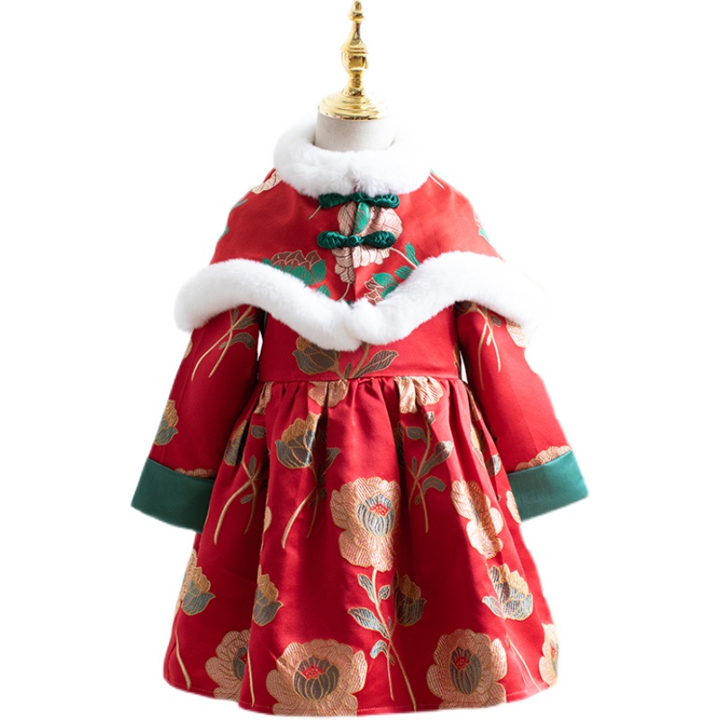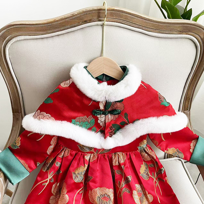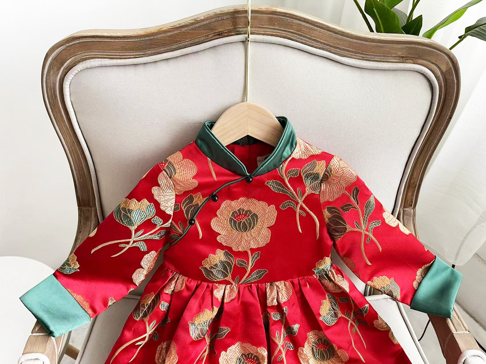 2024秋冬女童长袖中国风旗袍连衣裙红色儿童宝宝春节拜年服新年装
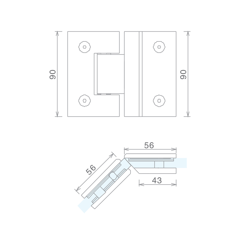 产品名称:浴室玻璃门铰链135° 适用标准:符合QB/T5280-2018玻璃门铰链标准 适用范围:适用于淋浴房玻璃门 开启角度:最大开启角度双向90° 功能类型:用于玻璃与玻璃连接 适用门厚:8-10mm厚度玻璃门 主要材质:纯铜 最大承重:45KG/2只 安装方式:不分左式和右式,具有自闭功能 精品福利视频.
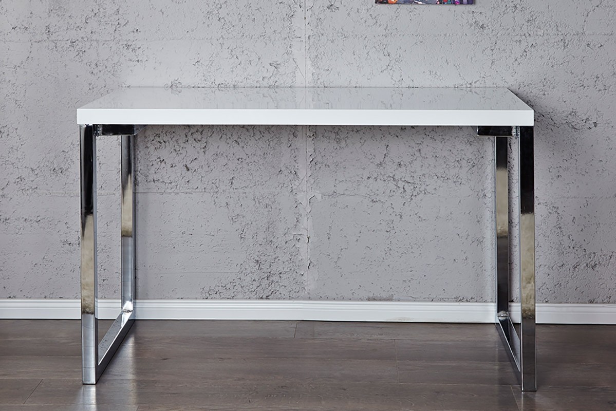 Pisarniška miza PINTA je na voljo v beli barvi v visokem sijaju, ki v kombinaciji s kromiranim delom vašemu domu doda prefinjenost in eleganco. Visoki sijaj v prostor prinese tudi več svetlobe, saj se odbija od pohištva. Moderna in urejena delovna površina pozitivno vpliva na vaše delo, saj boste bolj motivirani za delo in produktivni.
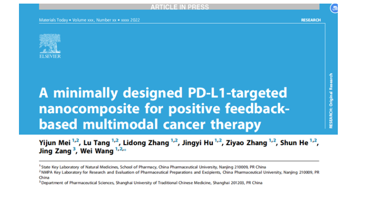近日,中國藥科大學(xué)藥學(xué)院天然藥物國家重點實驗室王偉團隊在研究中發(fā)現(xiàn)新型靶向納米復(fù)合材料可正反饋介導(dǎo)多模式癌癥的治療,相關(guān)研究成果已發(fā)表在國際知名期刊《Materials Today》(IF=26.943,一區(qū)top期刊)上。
##############################
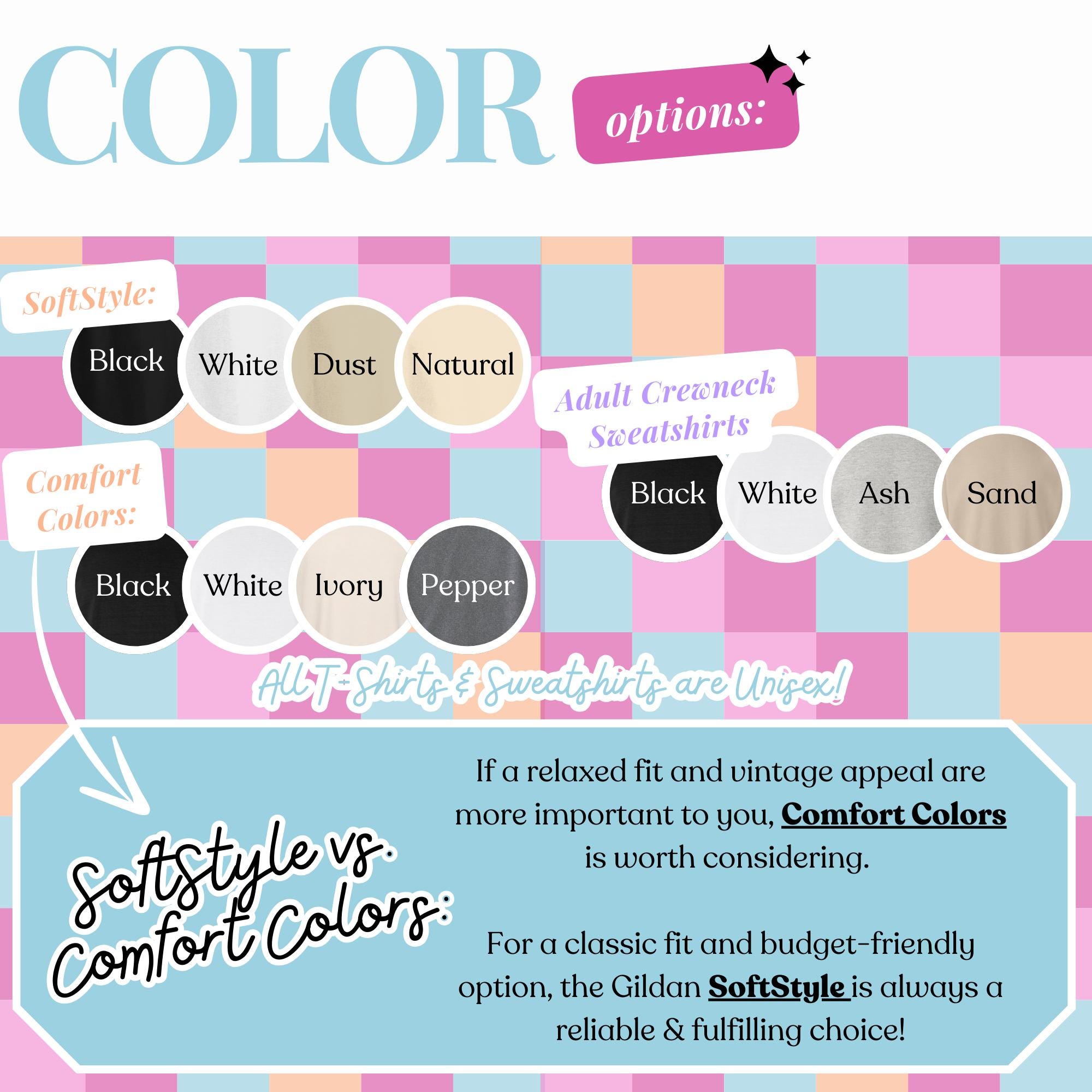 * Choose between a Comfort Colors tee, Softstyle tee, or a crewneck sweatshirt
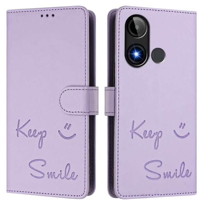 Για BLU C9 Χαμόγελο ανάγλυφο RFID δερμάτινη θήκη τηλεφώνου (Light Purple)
##############################
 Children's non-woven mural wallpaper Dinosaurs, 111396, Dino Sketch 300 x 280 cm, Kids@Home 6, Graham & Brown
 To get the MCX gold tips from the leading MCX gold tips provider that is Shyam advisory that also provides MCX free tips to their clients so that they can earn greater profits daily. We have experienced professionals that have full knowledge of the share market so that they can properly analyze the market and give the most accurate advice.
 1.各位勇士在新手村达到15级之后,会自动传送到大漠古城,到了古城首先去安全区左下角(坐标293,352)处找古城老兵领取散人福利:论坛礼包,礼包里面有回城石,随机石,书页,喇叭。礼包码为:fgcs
##############################
■ Exercise brief
Given the entries above, transcribe exactly the lines from the one holding "Pisarniška miza PINTA" through the one holding "近日,中國藥科大學(xué)"; pictures do not belong in the transcription.

■ Finished task
 Pisarniška miza PINTA je na voljo v beli barvi v visokem sijaju, ki v kombinaciji s kromiranim delom vašemu domu doda prefinjenost in eleganco. Visoki sijaj v prostor prinese tudi več svetlobe, saj se odbija od pohištva. Moderna in urejena delovna površina pozitivno vpliva na vaše delo, saj boste bolj motivirani za delo in produktivni.
近日,中國藥科大學(xué)藥學(xué)院天然藥物國家重點實驗室王偉團隊在研究中發(fā)現(xiàn)新型靶向納米復(fù)合材料可正反饋介導(dǎo)多模式癌癥的治療,相關(guān)研究成果已發(fā)表在國際知名期刊《Materials Today》(IF=26.943,一區(qū)top期刊)上。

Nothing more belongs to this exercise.